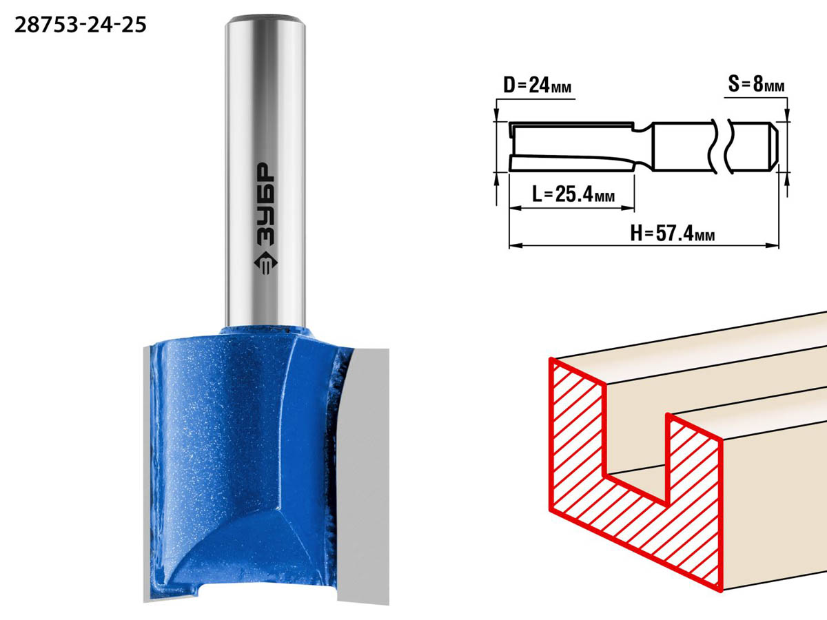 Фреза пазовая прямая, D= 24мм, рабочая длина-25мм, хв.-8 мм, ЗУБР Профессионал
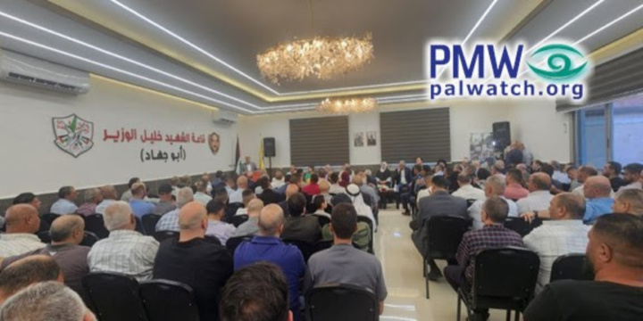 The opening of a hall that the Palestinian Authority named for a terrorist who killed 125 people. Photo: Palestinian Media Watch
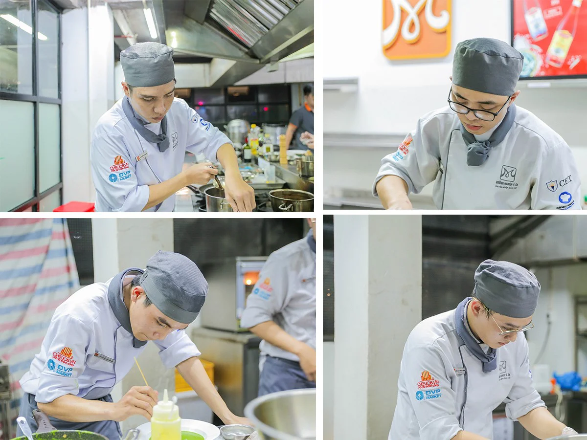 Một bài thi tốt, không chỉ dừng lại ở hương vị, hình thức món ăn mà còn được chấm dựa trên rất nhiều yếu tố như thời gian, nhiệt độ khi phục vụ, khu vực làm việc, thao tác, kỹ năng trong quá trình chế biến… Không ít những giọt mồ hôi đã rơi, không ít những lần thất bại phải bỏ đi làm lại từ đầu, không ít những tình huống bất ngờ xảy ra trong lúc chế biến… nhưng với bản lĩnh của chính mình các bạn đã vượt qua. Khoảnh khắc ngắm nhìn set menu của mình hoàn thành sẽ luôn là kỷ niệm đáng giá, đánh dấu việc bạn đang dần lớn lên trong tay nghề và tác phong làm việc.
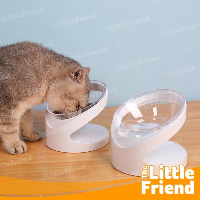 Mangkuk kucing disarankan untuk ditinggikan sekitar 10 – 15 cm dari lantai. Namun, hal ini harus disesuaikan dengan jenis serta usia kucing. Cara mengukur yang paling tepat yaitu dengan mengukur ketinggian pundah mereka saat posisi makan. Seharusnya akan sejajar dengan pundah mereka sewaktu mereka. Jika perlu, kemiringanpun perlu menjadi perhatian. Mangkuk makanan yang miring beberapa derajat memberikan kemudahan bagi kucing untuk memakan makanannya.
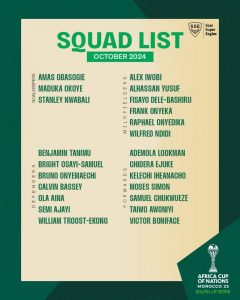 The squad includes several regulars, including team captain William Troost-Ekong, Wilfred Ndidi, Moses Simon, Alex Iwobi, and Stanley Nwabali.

_ _ _ _ _

[Exercise instructions]: Give the listing again word for word. Skip every image.

[Answer to the exercise]:
 Фреза пазовая прямая, D= 24мм, рабочая длина-25мм, хв.-8 мм, ЗУБР Профессионал
 The opening of a hall that the Palestinian Authority named for a terrorist who killed 125 people. Photo: Palestinian Media Watch
 Một bài thi tốt, không chỉ dừng lại ở hương vị, hình thức món ăn mà còn được chấm dựa trên rất nhiều yếu tố như thời gian, nhiệt độ khi phục vụ, khu vực làm việc, thao tác, kỹ năng trong quá trình chế biến… Không ít những giọt mồ hôi đã rơi, không ít những lần thất bại phải bỏ đi làm lại từ đầu, không ít những tình huống bất ngờ xảy ra trong lúc chế biến… nhưng với bản lĩnh của chính mình các bạn đã vượt qua. Khoảnh khắc ngắm nhìn set menu của mình hoàn thành sẽ luôn là kỷ niệm đáng giá, đánh dấu việc bạn đang dần lớn lên trong tay nghề và tác phong làm việc.
 Mangkuk kucing disarankan untuk ditinggikan sekitar 10 – 15 cm dari lantai. Namun, hal ini harus disesuaikan dengan jenis serta usia kucing. Cara mengukur yang paling tepat yaitu dengan mengukur ketinggian pundah mereka saat posisi makan. Seharusnya akan sejajar dengan pundah mereka sewaktu mereka. Jika perlu, kemiringanpun perlu menjadi perhatian. Mangkuk makanan yang miring beberapa derajat memberikan kemudahan bagi kucing untuk memakan makanannya.
 The squad includes several regulars, including team captain William Troost-Ekong, Wilfred Ndidi, Moses Simon, Alex Iwobi, and Stanley Nwabali.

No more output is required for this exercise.